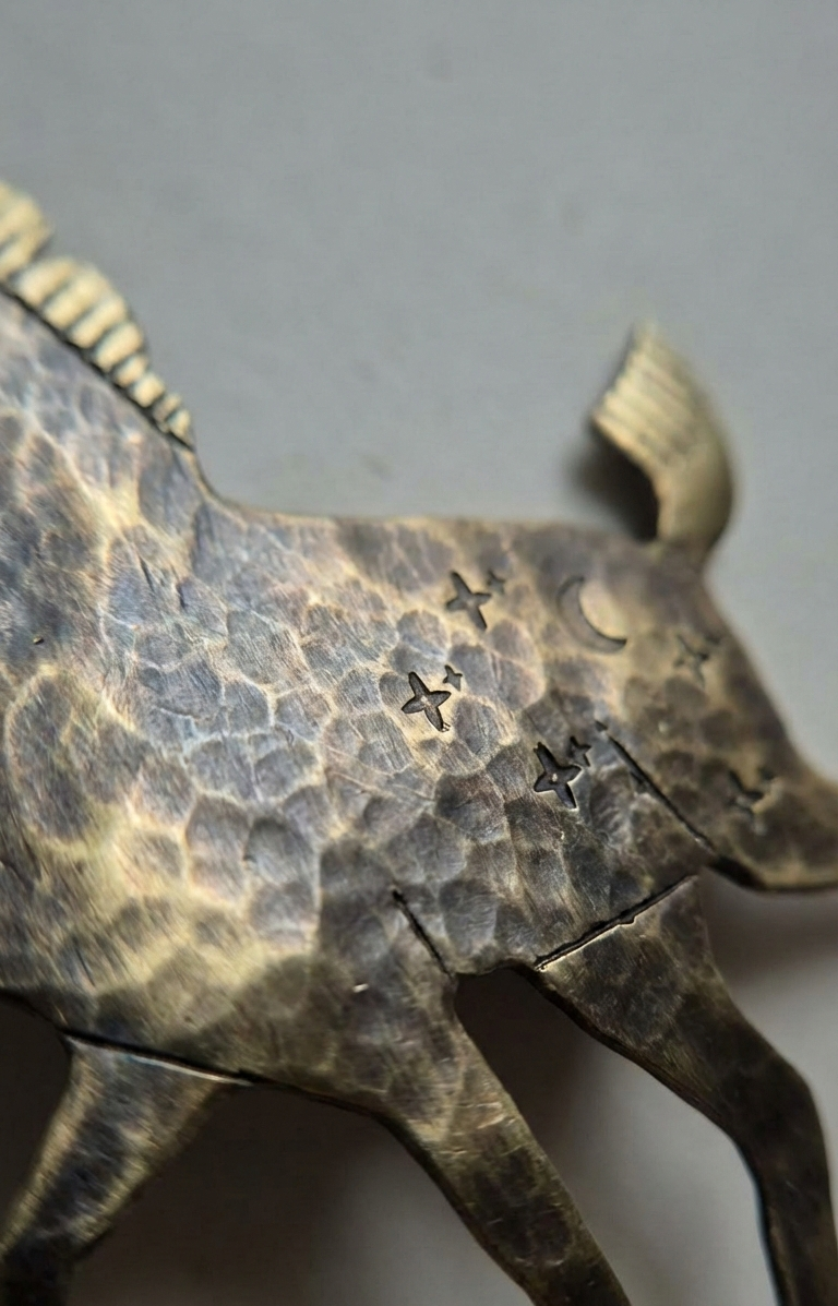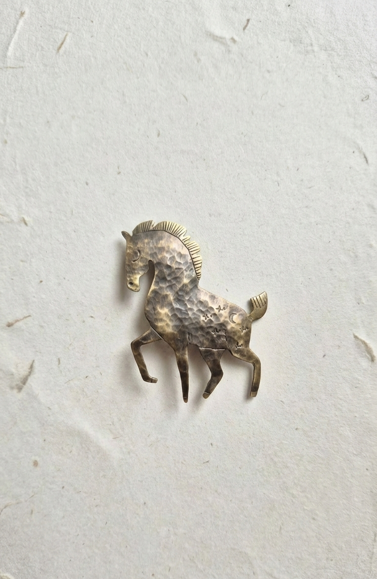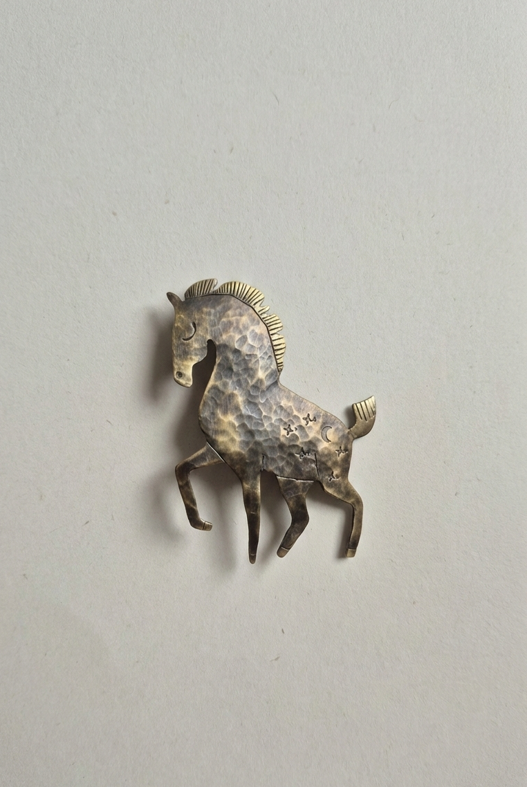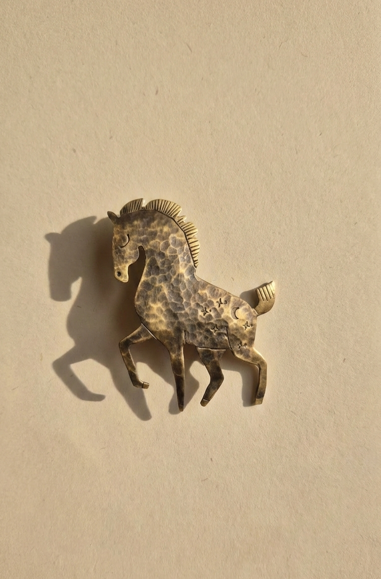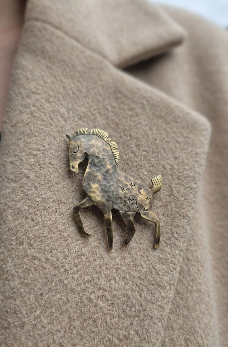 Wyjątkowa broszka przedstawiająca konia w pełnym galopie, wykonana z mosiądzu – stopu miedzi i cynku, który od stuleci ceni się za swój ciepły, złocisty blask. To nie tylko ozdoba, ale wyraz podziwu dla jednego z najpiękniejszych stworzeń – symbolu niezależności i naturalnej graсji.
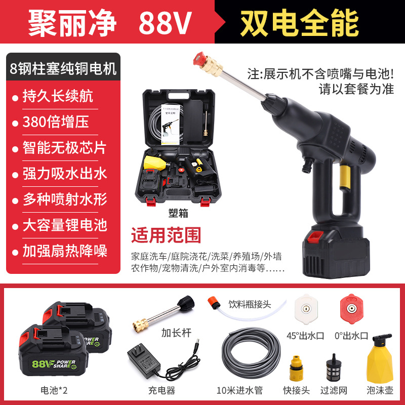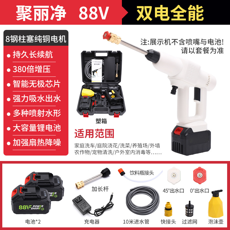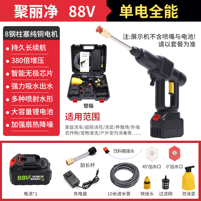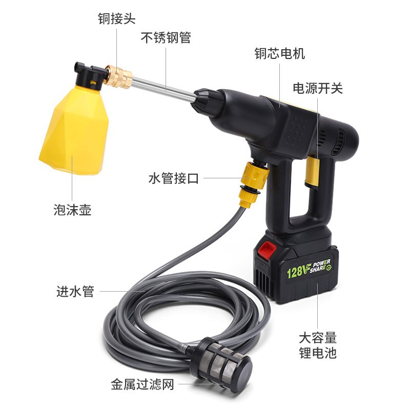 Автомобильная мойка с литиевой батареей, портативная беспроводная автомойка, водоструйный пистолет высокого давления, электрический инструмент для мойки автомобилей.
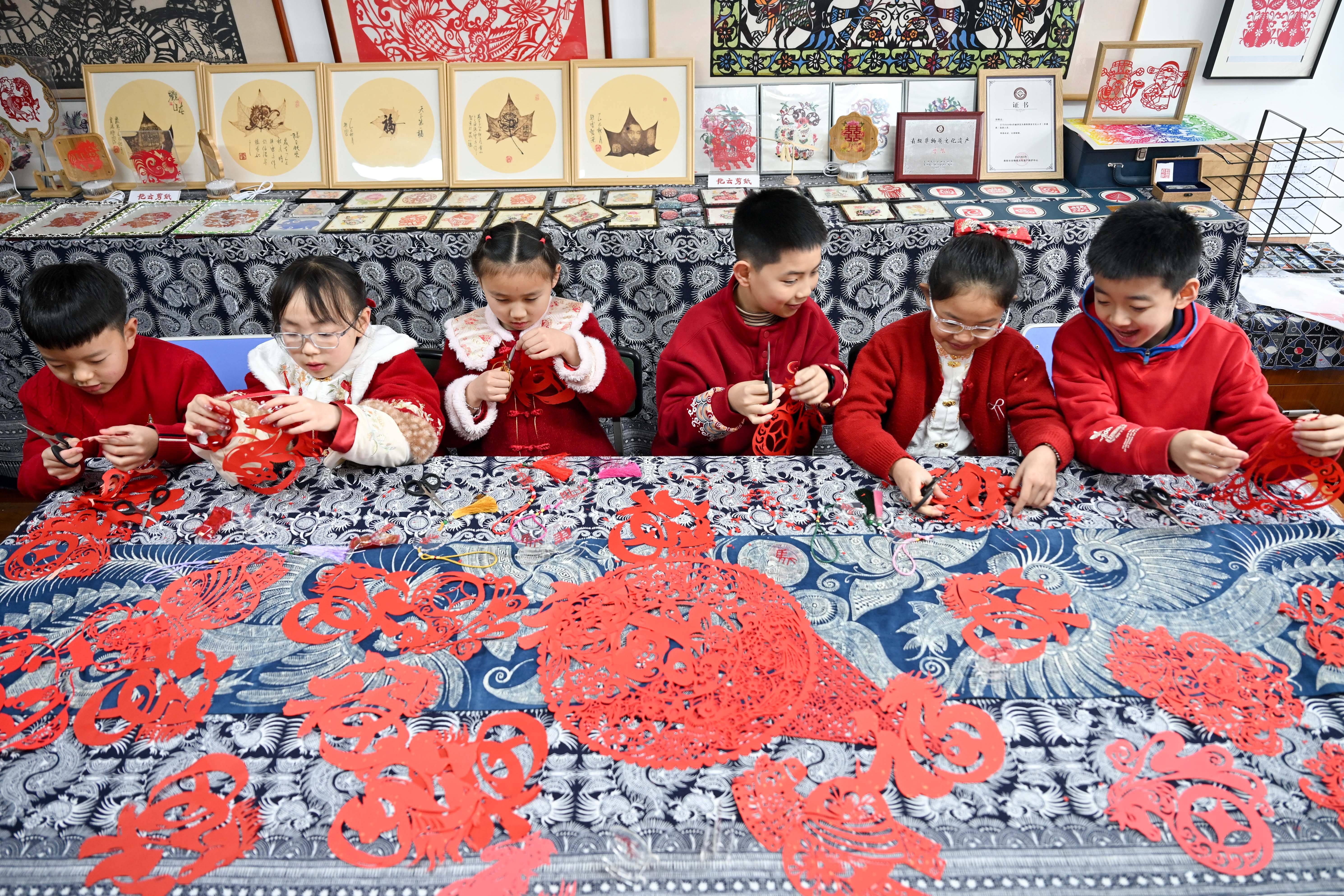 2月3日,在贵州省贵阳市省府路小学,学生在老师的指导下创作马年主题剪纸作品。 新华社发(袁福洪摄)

- **WHAT IS BEING ASKED**
Leaving every picture out, write out exactly the lines from the beginning of the listing above to the line with "Автомобильная мойка с", inclusive.

- **RESULT FOR THIS TASK**
 Wyjątkowa broszka przedstawiająca konia w pełnym galopie, wykonana z mosiądzu – stopu miedzi i cynku, który od stuleci ceni się za swój ciepły, złocisty blask. To nie tylko ozdoba, ale wyraz podziwu dla jednego z najpiękniejszych stworzeń – symbolu niezależności i naturalnej graсji.
 Автомобильная мойка с литиевой батареей, портативная беспроводная автомойка, водоструйный пистолет высокого давления, электрический инструмент для мойки автомобилей.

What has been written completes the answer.